Nach ungefähr zwanzig Minuten beende ich die Einheit. Das mache ich meistens genau dann, wenn es gerade am schönsten ist. Dann, wenn wir mit einem besonders guten und zufriedenen Gefühl aufhören können und unsere Konzentration noch sehr hoch ist. Häufig beginnt sie nach den ersten zwanzig Minuten abzuflauen. Gerade in der Freiarbeit brauche ich aber meine volle Konzentration, genau wie die des Pferdes.

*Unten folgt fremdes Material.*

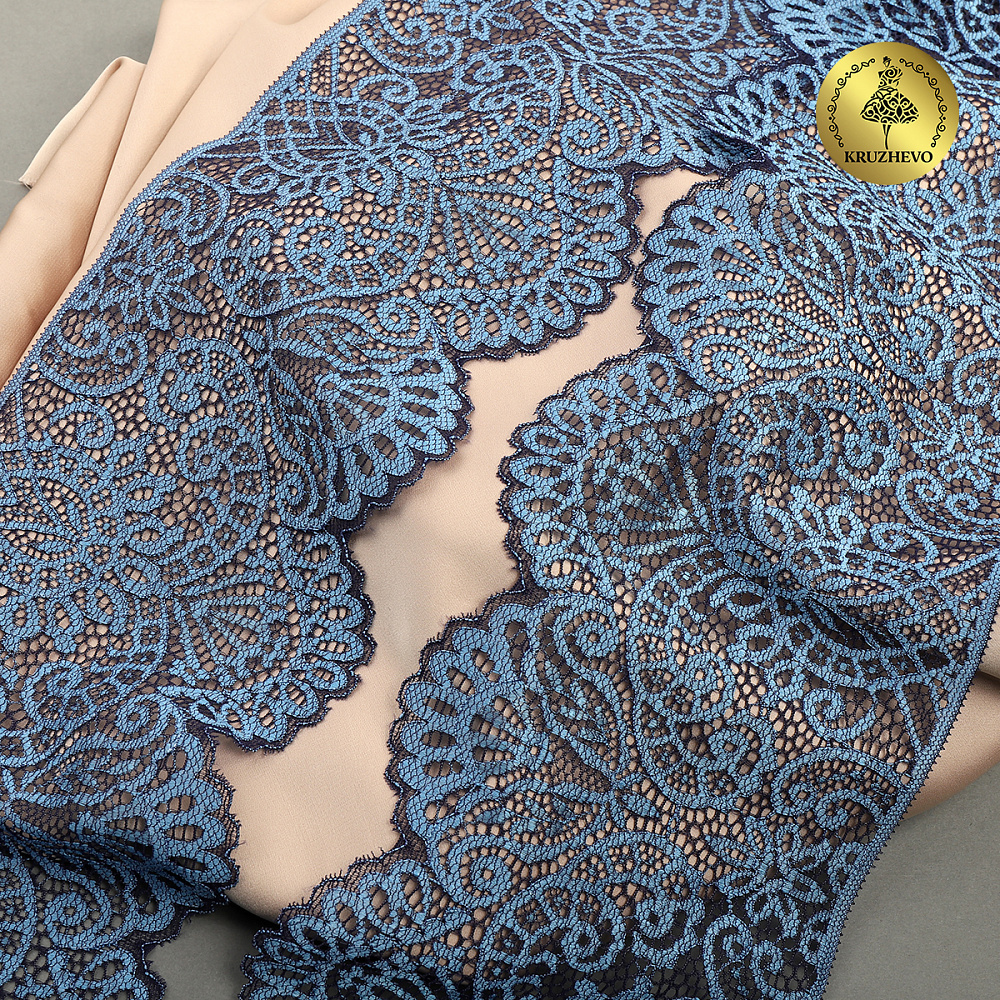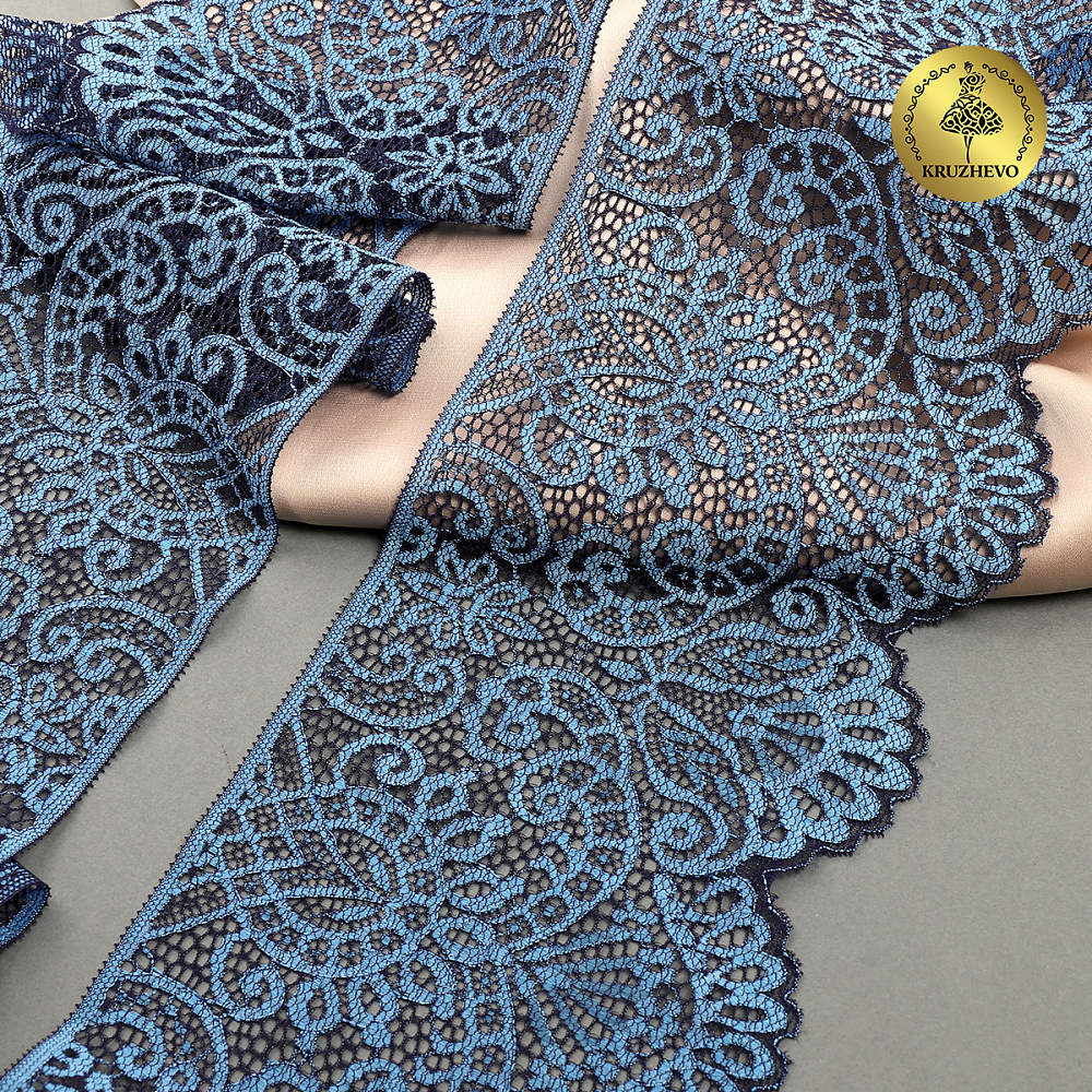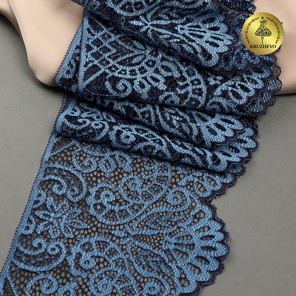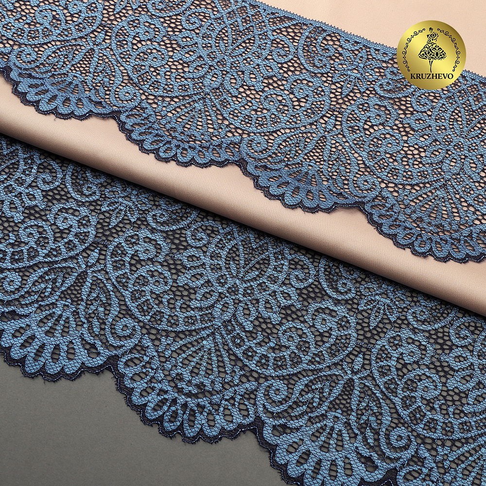 Очень красивое двухцветное кружево-стрейч с фестонами. Интересный дизайн - удобно сочетать в работе с другой фурнитурой. Идеально подойдет для пошива нижнего белья или домашней одежды.

Freude und Verbindung sind das Ziel
Aus meiner Sicht ist die intuitive Freiarbeit die Krönung der Kommunikation mit deinem Pferd. Sie ist leicht, fein, klar und pferdefreundlich. Sie ist authentisch, weil es dabei nur um dich, um deine Persönlichkeit deine Präsenz, deinen Fokus und deine Energie geht sowie die deines Pferdes. Sie ist ein Dialog, bei dem das Zuhören ebenso wichtig ist wie das Aktivieren und sie macht glücklich, weil ihr die Dinge tut, die euch Freude bereiten.
Das wichtigste ist, nicht enttäuscht zu sein wenn etwas nicht so klappt wie du es dir vorgestellt hast. Nicht aufzugeben oder es persönlich zu nehmen, wenn dein Pferd zunächst lieber grasen möchte oder dir nicht seine Aufmerksamkeit schenkt. Es geht einfach seinen Bedürfnissen nach. Wenn wir aufhören Pferde zu vermenschlichen, ihnen besser zuhören und unsere Fragen immer so klein und leicht wie möglich stellen, erhöhen wir den Grad der Freude und des Erfolgs. Wenn wir anfangen unsere Intuition einzusetzen, dann ist Freiarbeit bindungsstärkend, entspannend und energetisierend.